- [Dataset]

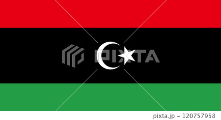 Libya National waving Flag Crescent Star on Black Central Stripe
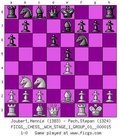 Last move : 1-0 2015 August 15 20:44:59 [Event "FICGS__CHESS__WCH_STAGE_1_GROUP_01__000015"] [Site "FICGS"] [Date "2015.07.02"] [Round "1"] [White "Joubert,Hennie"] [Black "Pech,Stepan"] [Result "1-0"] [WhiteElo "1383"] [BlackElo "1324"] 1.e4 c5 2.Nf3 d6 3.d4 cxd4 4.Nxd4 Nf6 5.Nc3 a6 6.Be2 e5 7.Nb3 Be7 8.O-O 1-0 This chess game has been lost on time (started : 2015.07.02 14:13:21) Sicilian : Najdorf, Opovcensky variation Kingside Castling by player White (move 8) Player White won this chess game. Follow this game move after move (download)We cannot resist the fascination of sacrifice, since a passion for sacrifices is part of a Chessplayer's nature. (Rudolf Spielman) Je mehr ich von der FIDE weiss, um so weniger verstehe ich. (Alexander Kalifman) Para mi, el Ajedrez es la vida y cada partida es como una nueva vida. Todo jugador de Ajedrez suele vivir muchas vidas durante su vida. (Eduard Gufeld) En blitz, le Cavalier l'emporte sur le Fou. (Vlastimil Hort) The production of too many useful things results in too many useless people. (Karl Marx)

...

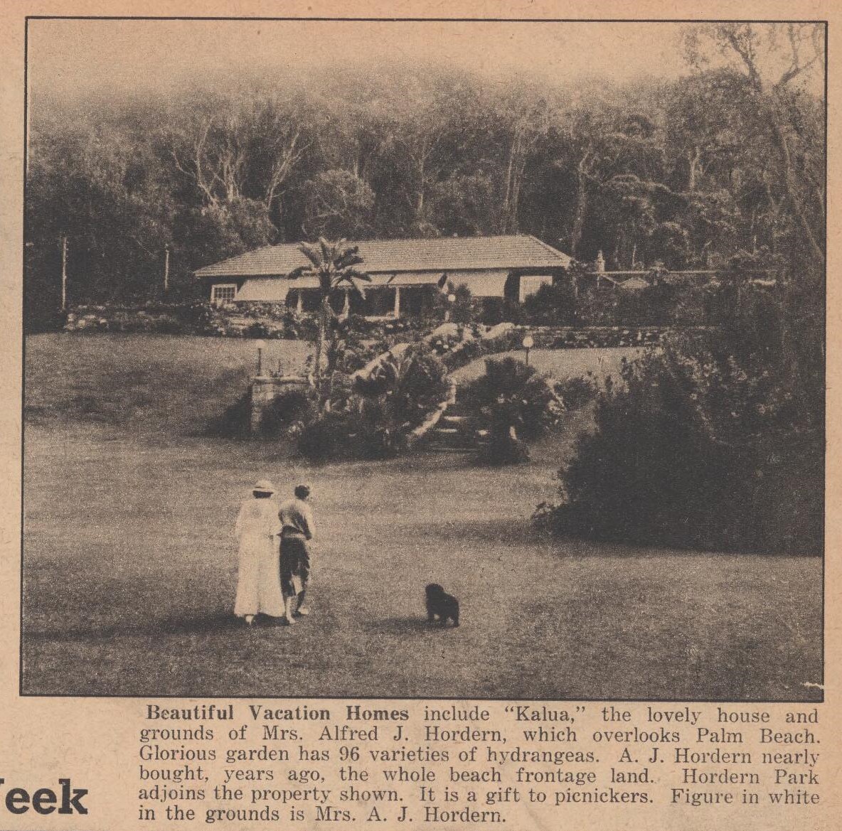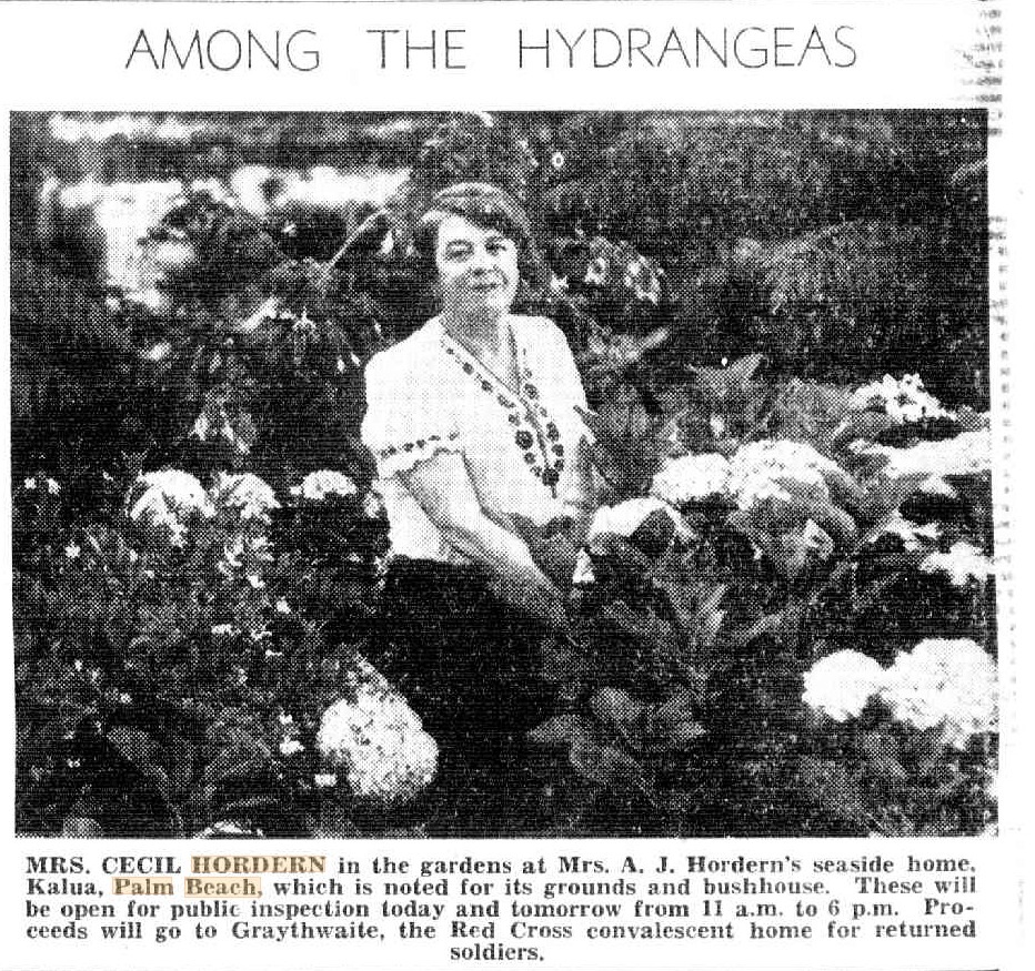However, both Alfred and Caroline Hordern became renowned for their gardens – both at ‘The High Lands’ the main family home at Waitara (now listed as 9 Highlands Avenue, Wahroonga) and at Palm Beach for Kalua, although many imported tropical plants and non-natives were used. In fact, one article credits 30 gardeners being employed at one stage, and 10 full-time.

- [About this task]
Once the line with "Libya National waving" is found in the data above, reproduce it and each line after it exactly, through the line with "Last move : 1-0". Omit the pictures.

- [Answer to this exercise]
 Libya National waving Flag Crescent Star on Black Central Stripe
 Last move : 1-0 2015 August 15 20:44:59 [Event "FICGS__CHESS__WCH_STAGE_1_GROUP_01__000015"] [Site "FICGS"] [Date "2015.07.02"] [Round "1"] [White "Joubert,Hennie"] [Black "Pech,Stepan"] [Result "1-0"] [WhiteElo "1383"] [BlackElo "1324"] 1.e4 c5 2.Nf3 d6 3.d4 cxd4 4.Nxd4 Nf6 5.Nc3 a6 6.Be2 e5 7.Nb3 Be7 8.O-O 1-0 This chess game has been lost on time (started : 2015.07.02 14:13:21) Sicilian : Najdorf, Opovcensky variation Kingside Castling by player White (move 8) Player White won this chess game. Follow this game move after move (download)We cannot resist the fascination of sacrifice, since a passion for sacrifices is part of a Chessplayer's nature. (Rudolf Spielman) Je mehr ich von der FIDE weiss, um so weniger verstehe ich. (Alexander Kalifman) Para mi, el Ajedrez es la vida y cada partida es como una nueva vida. Todo jugador de Ajedrez suele vivir muchas vidas durante su vida. (Eduard Gufeld) En blitz, le Cavalier l'emporte sur le Fou. (Vlastimil Hort) The production of too many useful things results in too many useless people. (Karl Marx)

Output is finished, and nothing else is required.